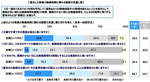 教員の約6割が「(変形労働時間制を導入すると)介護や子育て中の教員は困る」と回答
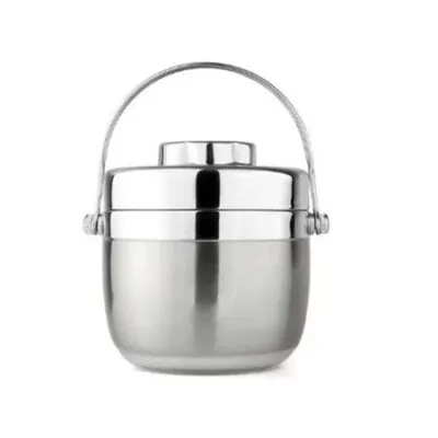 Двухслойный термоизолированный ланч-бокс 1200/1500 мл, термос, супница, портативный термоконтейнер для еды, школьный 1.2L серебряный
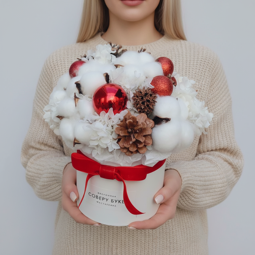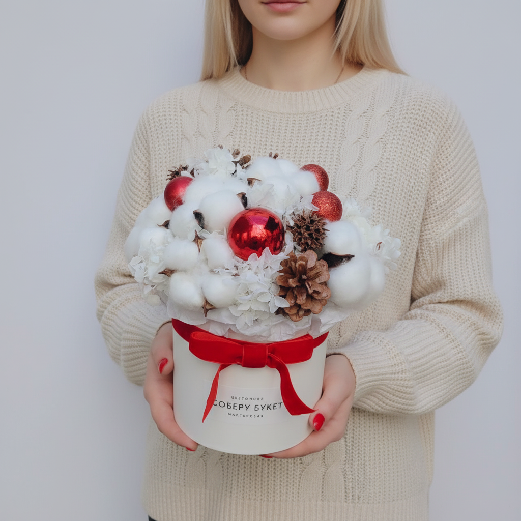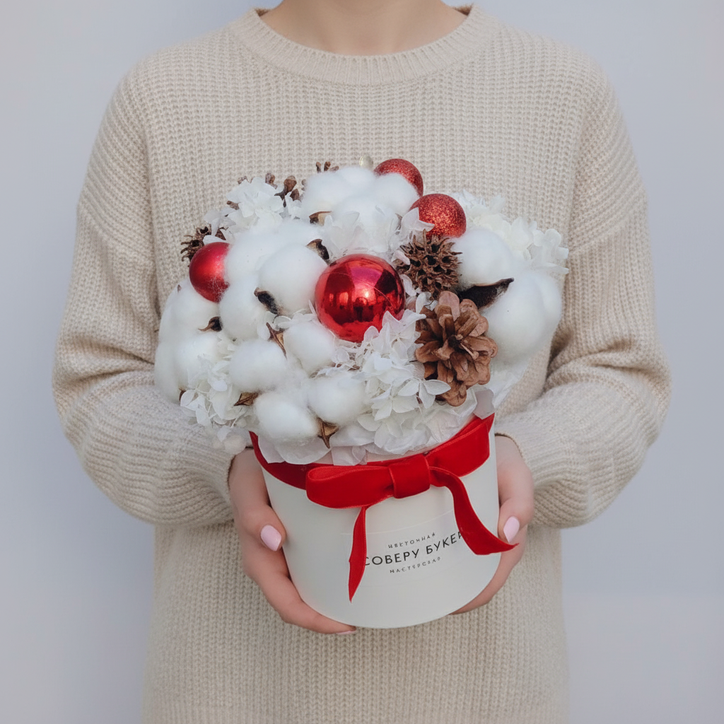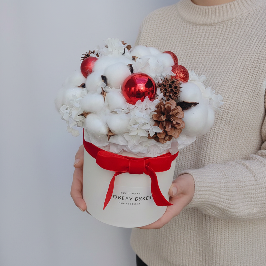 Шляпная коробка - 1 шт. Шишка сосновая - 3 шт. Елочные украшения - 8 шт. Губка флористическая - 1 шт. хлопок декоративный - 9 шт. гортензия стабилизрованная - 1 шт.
::::::
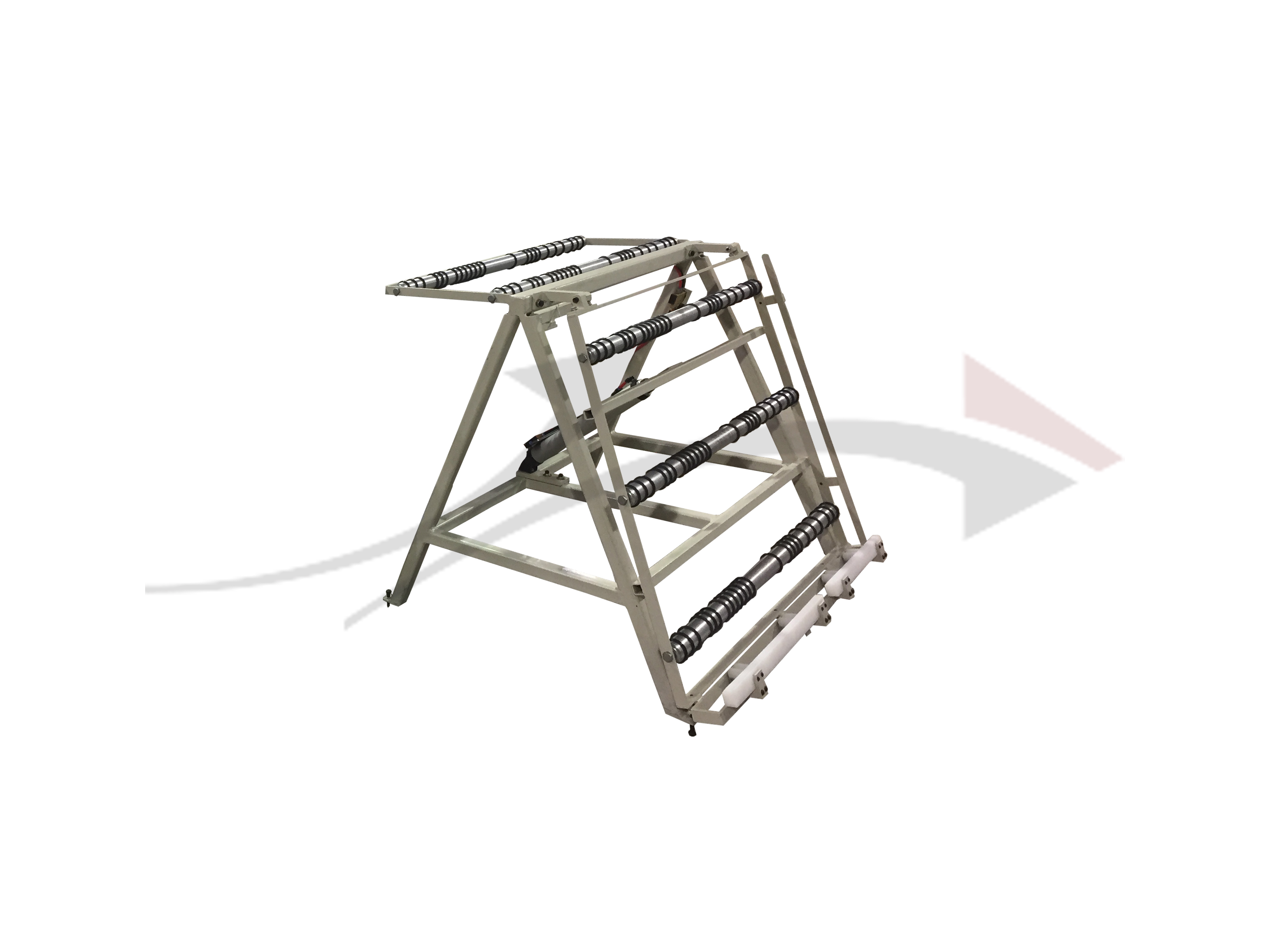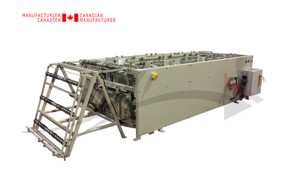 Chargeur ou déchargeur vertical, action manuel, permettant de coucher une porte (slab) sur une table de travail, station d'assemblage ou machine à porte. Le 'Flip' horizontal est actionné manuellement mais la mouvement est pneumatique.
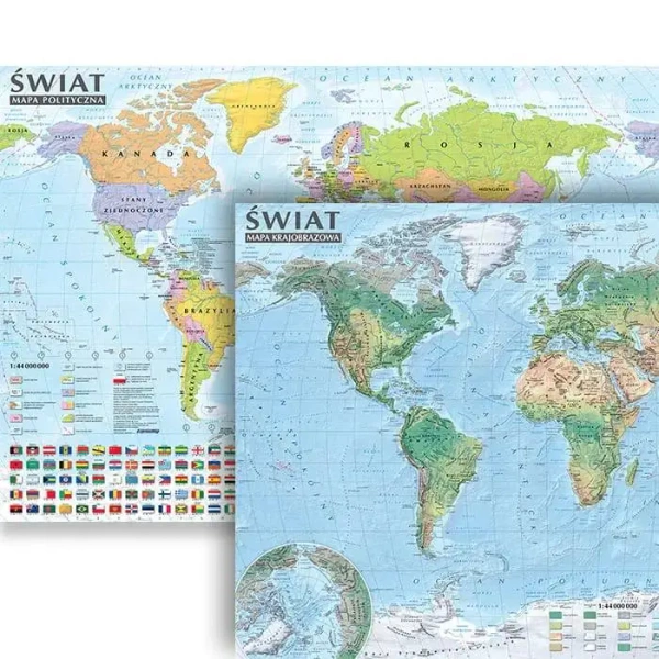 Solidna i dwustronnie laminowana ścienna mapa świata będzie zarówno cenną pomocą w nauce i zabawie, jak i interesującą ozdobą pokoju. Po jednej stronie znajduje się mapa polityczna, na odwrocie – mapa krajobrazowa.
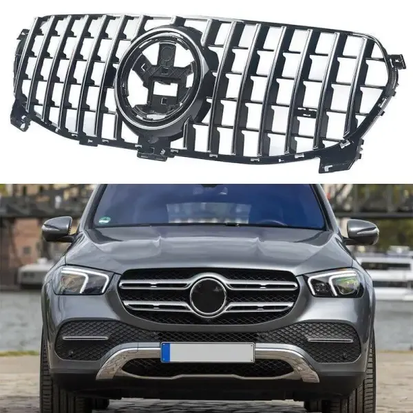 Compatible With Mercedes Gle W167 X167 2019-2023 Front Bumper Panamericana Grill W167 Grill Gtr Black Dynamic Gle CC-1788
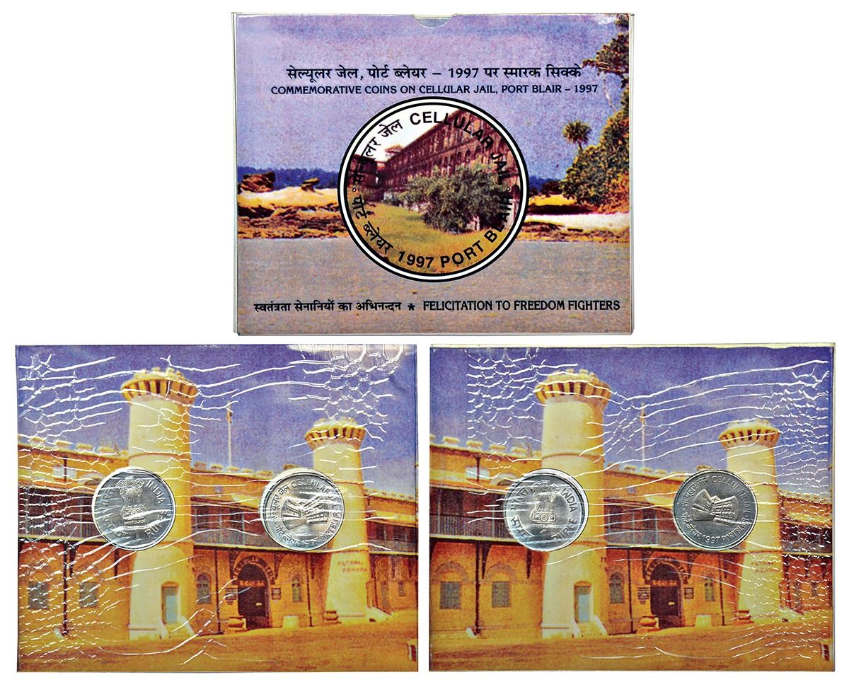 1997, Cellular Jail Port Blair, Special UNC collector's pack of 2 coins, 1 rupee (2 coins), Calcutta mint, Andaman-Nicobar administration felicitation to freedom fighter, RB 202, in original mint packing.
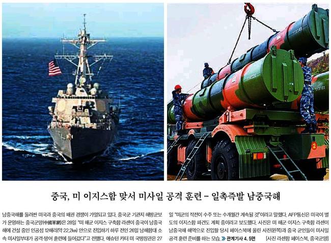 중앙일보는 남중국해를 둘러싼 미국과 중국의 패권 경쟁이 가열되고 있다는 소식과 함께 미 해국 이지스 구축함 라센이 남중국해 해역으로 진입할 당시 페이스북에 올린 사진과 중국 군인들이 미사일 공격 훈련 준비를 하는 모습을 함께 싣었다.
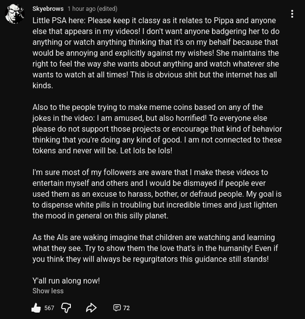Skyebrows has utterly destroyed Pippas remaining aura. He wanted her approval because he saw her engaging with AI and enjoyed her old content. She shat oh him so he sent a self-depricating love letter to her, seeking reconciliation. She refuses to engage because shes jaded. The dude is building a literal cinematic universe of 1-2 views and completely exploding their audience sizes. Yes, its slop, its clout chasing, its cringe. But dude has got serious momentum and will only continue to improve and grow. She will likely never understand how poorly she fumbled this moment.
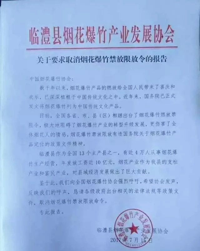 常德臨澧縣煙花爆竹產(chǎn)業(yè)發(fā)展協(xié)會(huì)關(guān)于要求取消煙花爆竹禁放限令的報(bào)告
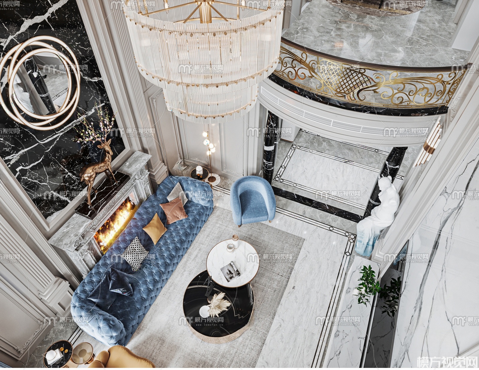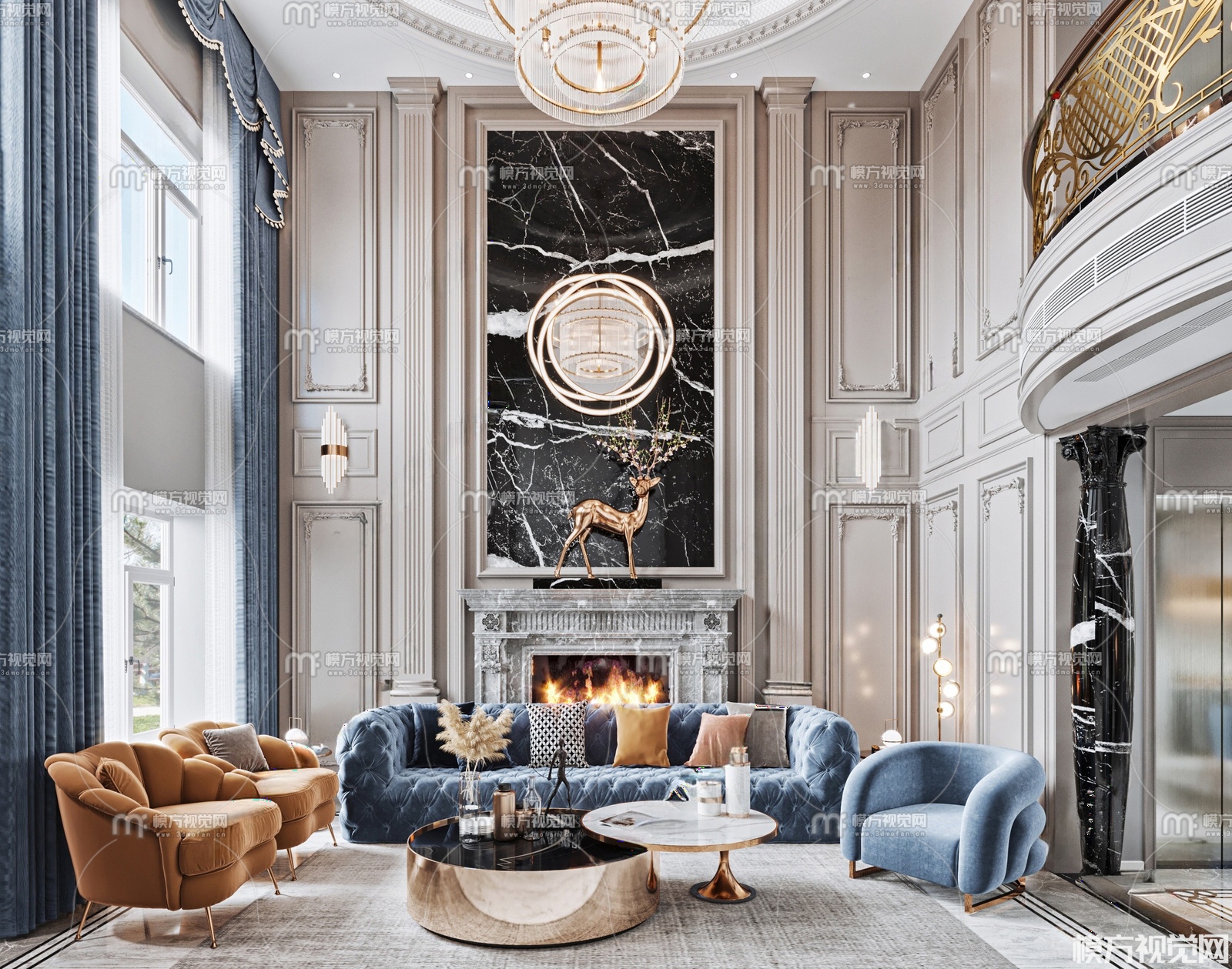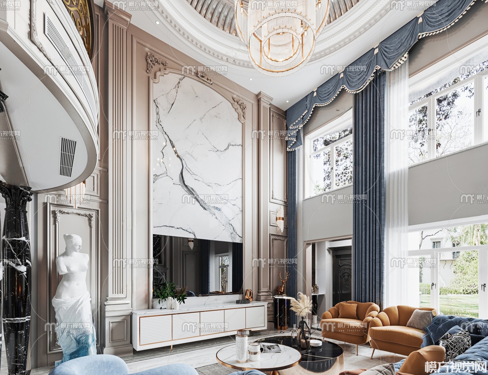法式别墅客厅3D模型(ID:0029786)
::::::
● **Required action**:
The copy should hold exactly the lines above from the one with "教員の約6割が「(変形労働時" through the one with "Шляпная коробка - 1", both ends counted, and no pictures at all.

● **Written answer**:
 教員の約6割が「(変形労働時間制を導入すると)介護や子育て中の教員は困る」と回答
 Двухслойный термоизолированный ланч-бокс 1200/1500 мл, термос, супница, портативный термоконтейнер для еды, школьный 1.2L серебряный
 Шляпная коробка - 1 шт. Шишка сосновая - 3 шт. Елочные украшения - 8 шт. Губка флористическая - 1 шт. хлопок декоративный - 9 шт. гортензия стабилизрованная - 1 шт.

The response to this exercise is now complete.